__Problem description__. Your copy should run exactly from the line containing "Harbour Joggers Navy XXS-XL £49.95" to the last line of the entries below, and it should include no pictures.

[Data for this task]

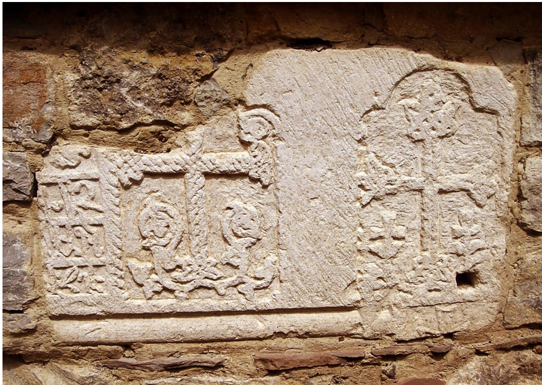
Fig. 33. Kamenets-Podolskii (Podolia). Plate of 1548 near Sts. Peter and Paul cathedral.
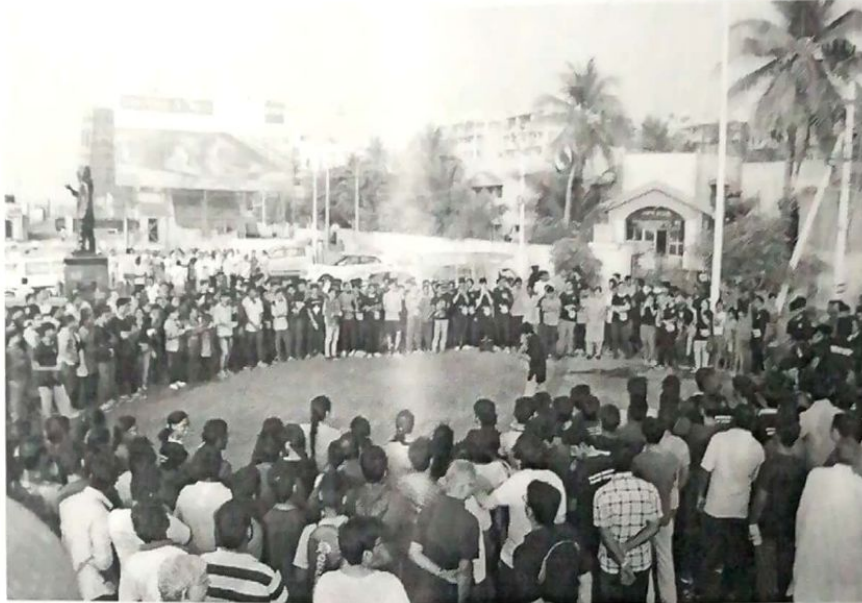
Fig: Awareness program on "Health and Fitness" on 25-02-2018
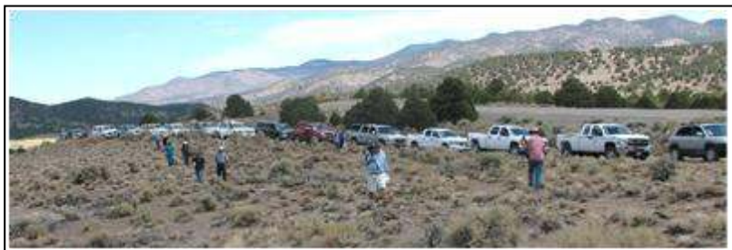
Bi-State field trip stop to share information local work group members and the general public.

These community based efforts such as the Bi-State Local Area Work Group , Stewardship Alliance of Northeast Elko (SANE) , Buffalo-Skedaddle Local Work Group , and others have worked closely with
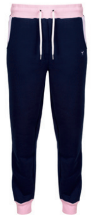
Harbour Joggers Navy XXS-XL £49.95
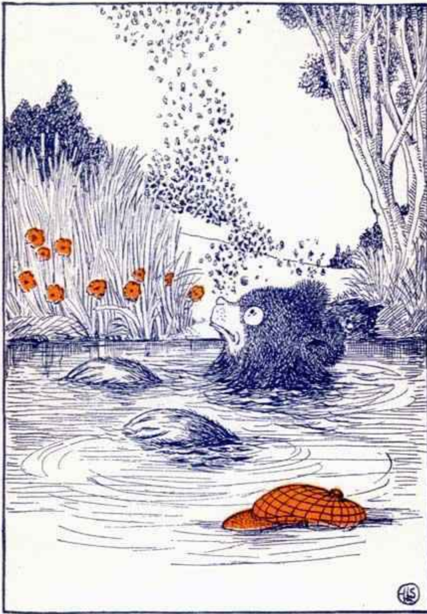
The Bees Were Right
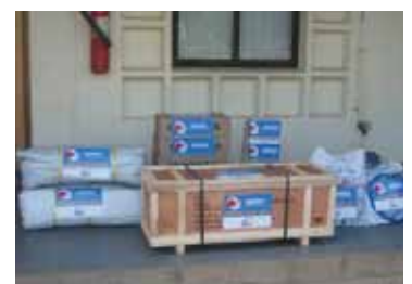
Emergency relief supplies

In case of the occurrence of a large-scale disaster, JICA dispatches Japan Disaster Relief Teams in response to requests from the governments of affected Countries. JICA also provides shipments of emergency relief supplies such as blankets, tents and medicines.
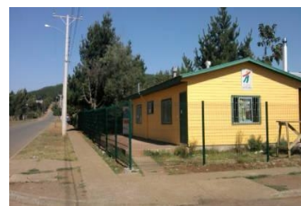
Los Castorcitos- Coihueco, Del BioBio
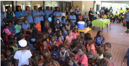
Below: Jilkminggan MUNs Team
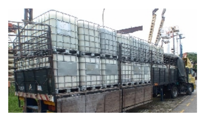
Trailer declared to be containing 'rubber latex'

3 According to the trade permit, the consignment declared to be 38 drums of rubber latex, were marked as corrosive and flammable. For safety reasons, officers had to exercise caution during the preliminary inspection. They used a wooden pole as a dip stick and found that the drums were only one-third full. As the content of the drums were thought to be toxic, officers arranged for the mixture to be tested and had the trailer towed to the Singapore Customs Operation Command, pending results of the laboratory tests.
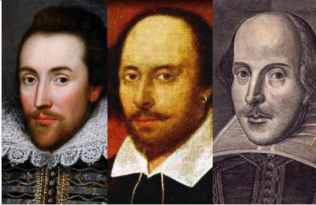
Figure 1 : https://upload.wikimedia.org/wikipedia/commons/fff/Shakespeare_Portrait_Comparisons_2.JPG
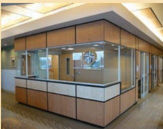
Hospital Admissions Center
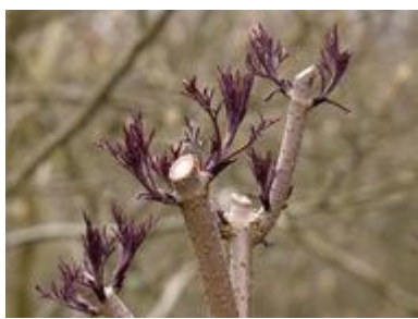
S. nigra laciniata

[/Data for this task]

__Solution to this task__.
Harbour Joggers Navy XXS-XL £49.95
The Bees Were Right
Emergency relief supplies

In case of the occurrence of a large-scale disaster, JICA dispatches Japan Disaster Relief Teams in response to requests from the governments of affected Countries. JICA also provides shipments of emergency relief supplies such as blankets, tents and medicines.
Los Castorcitos- Coihueco, Del BioBio
Below: Jilkminggan MUNs Team
Trailer declared to be containing 'rubber latex'

3 According to the trade permit, the consignment declared to be 38 drums of rubber latex, were marked as corrosive and flammable. For safety reasons, officers had to exercise caution during the preliminary inspection. They used a wooden pole as a dip stick and found that the drums were only one-third full. As the content of the drums were thought to be toxic, officers arranged for the mixture to be tested and had the trailer towed to the Singapore Customs Operation Command, pending results of the laboratory tests.
Figure 1 : https://upload.wikimedia.org/wikipedia/commons/fff/Shakespeare_Portrait_Comparisons_2.JPG
Hospital Admissions Center
S. nigra laciniata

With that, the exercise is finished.